How about using objects something like this:

arrNums = [122379, 198702, 102884, 109231]; 
numberObj = new Array();
numberObj[0] = {number: arrNums[0], count: 1};

for (i=0; i<arrNums.length; i++)
  {
  var duplicate = false;
  for (j=0; j<numObj.length; j++)
    {
    if (numObj[j].number == arrNums[i])
      {
      duplicate = true;
      break;
      }
    }
  if (duplicate == true)
    {
    numObj[j].count++;
    }
  else
    {
    j = numOjb.length;
    numObj[j] = {number: arrNums[i]; count: 1};
    }
  }
}

Lee

 

[Lowet]

Lee,
you wrote numberObj and later in script numObj.
justa a notice..

- Lowet

[gray]Why can't all browsers parse pages the same way? It should be the Web designer who decides how to display the content, not the browser![/gray]

 

[codegrl]

wow Brilliant. Thank you guys!
dwarfthrower, thats exactly what i needed but couldnt write the code myself.

trollacious, I want to start using the oo approach more but its harder to understand for me. So you are assigning properties such as count to this numberObj[0] and giving it the value of the arrNums[0] right? and then you are looping through this objects elements and comparing it to arrNums elements to see for duplicates?

dwarfthrower, what if I have lets say 5 articles on the page and each of those articles have an oldArry. so the value of the oldArry resets itself 5 times on a page and I still wanna be able to get all of the numbers for every occurance and assign them to the newArry. Will this method still work if run this after every occurance of the oldArry or will it overwrite stuff?

 

[codegrl]

I just tested it and it works if the value of the oldArry is reset again and again.

 

[trollacious]

Yes, you understand what I did correctly. First you assign the first element in arrNums to an object (created on the fly) that has 2 properties number and count. The object's number property is the number, and the count is 1.

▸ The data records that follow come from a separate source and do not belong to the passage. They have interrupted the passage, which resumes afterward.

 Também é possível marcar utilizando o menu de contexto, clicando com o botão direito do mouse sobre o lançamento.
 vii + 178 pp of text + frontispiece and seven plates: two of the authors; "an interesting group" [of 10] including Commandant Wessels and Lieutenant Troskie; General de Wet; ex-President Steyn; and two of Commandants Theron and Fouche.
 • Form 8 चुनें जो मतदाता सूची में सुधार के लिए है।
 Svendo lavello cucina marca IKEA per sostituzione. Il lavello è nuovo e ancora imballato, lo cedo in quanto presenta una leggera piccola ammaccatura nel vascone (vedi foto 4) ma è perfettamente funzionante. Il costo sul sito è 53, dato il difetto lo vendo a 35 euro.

Then the loop goes through the array of numbers and checks the array of existing objects for that number. If it exists, the variable duplicate is changed to true and you exit the loop. If the loop completes without finding the number in one of the objects, a new object is created in the array and that number added to it, with the count set to 1.

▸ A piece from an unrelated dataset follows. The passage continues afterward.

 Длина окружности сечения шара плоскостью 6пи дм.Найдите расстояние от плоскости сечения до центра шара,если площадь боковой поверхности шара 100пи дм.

Lowet, thanks for catching that error. I was coming up with the code on the fly and didn't check it that well, as you noticed. Sometimes you gotta leave something for the person who asked the question to take care of. #

Lee

 

[Lowet]

Hehe, it's easy to make such errors when you try to write a script fram scratch as fast as possible

- Lowet

[gray]Why can't all browsers parse pages the same way? It should be the Web designer who decides how to display the content, not the browser![/gray]

 

[codegrl]

Thanks Lee, i understand better now and will play with this! : )